Naylor suffered gruesome injuries over the years, including in 1976, when he lost all of his toenails and the skin on the bottom of his feet during a two-day race. Animals were also problematic. In a 1970 race that he was poised to win, he dropped into second place after being kicked by a cow.
But pain – in his back or his feet, or from ornery farm animals – never deterred him. As his wins piled up, so did his fame, but only in the hills and valleys of England’s rural countryside. Hundreds of fell runners attended his funeral, running eight miles up the valley near his home in his honour.
“He never won an Olympic medal, or earned a penny from his sporting achievements, or did anything much in the public gaze,” Askwith wrote. “His greatness was realised in wild, remote places.”

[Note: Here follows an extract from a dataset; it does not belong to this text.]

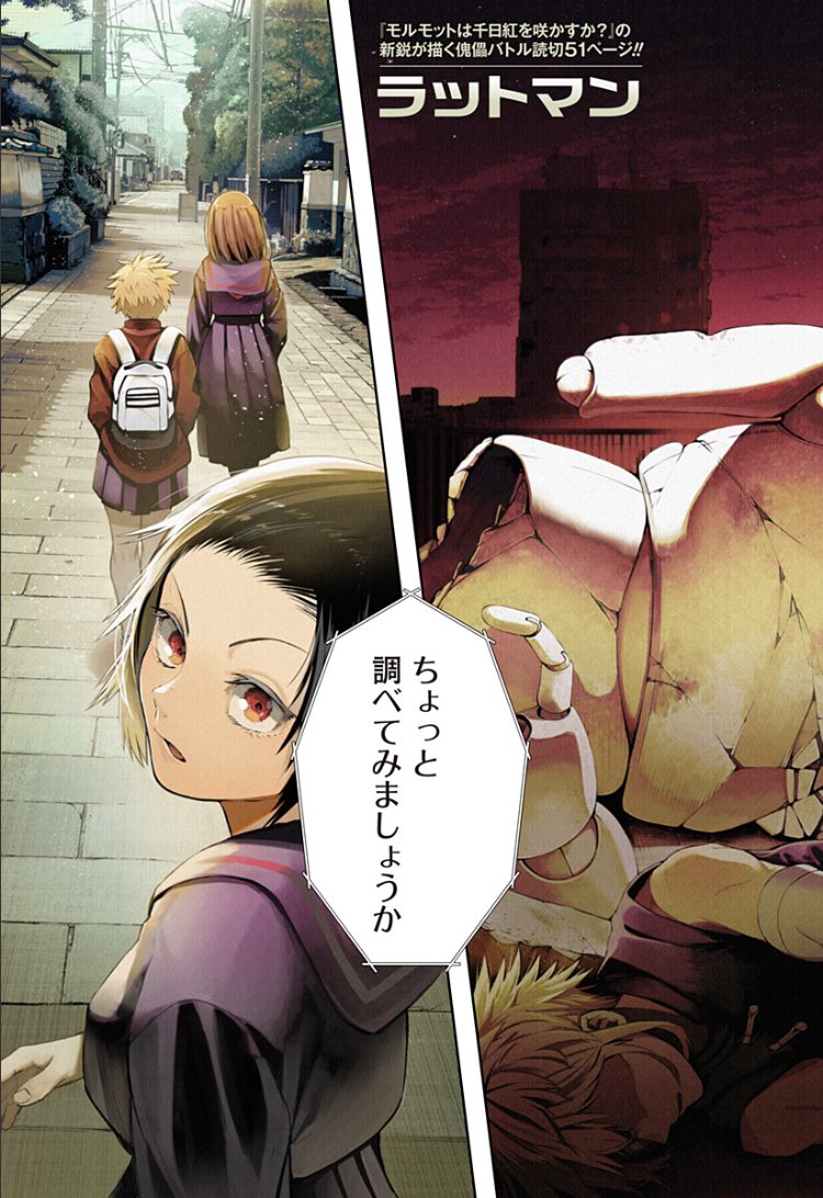 今週のジャンプに告知載ってました! 6月9日(金)ジャンプ+にて新作読切「憑躯(つく)」載ります! 堅物JKと人形がホラー!アクション!コメディ!する話です ラットマン流のド王道です 当日もリンク貼るので要チェックよ

Joseph Naylor was born on February 10, 1936, in Wasdale Head, Cumbria, the youngest of four sons of Joe Naylor, a shepherd, and Ella (nee Wilson) Naylor.
His family’s 140-acre tenant farm didn’t have electricity. Every day, Naylor – known as Joss – climbed up and down the local mountains herding sheep. The days were monotonous but quietly joyous. As he grew older, his parents’ daily routine became his own.
“The first job of the day is milk the cow,” he wrote. “I do it by hand. She gives about three gallons, which I put in the fridge to cool. We drink yesterday’s for our cereal.”
He had more than 1000 sheep, and he herded them with six dogs – Scamp, Laddy, Bob, Gip, Speck and Patch.
“My dogs are very tough,” he wrote. “They keep the sheep moving and stand no nonsense.”
The days before races were especially laborious.
“I have to try to get ahead with my work,” he wrote. “You can’t get anyone to look after sheep these days. Nobody’s daft enough. There’s no money in sheep farming.”
Naylor married Mary Downie in 1963. In addition to his wife, he is survived by their children, Gillian, Paul and Susan Naylor, and 10 grandchildren.
After finishing work for the day, Mr Naylor would head for the cool water in a nearby stream.
“In the summer I get in up to my waist and give myself a good scrub,” he wrote. “Perhaps once a fortnight I might have a bath. Perhaps once a month.”
Dinner was always at 6.30 pm.
“Bit of mutton, bit of beef, whatever the missis has got,” Naylor wrote. “Then a cup of tea.”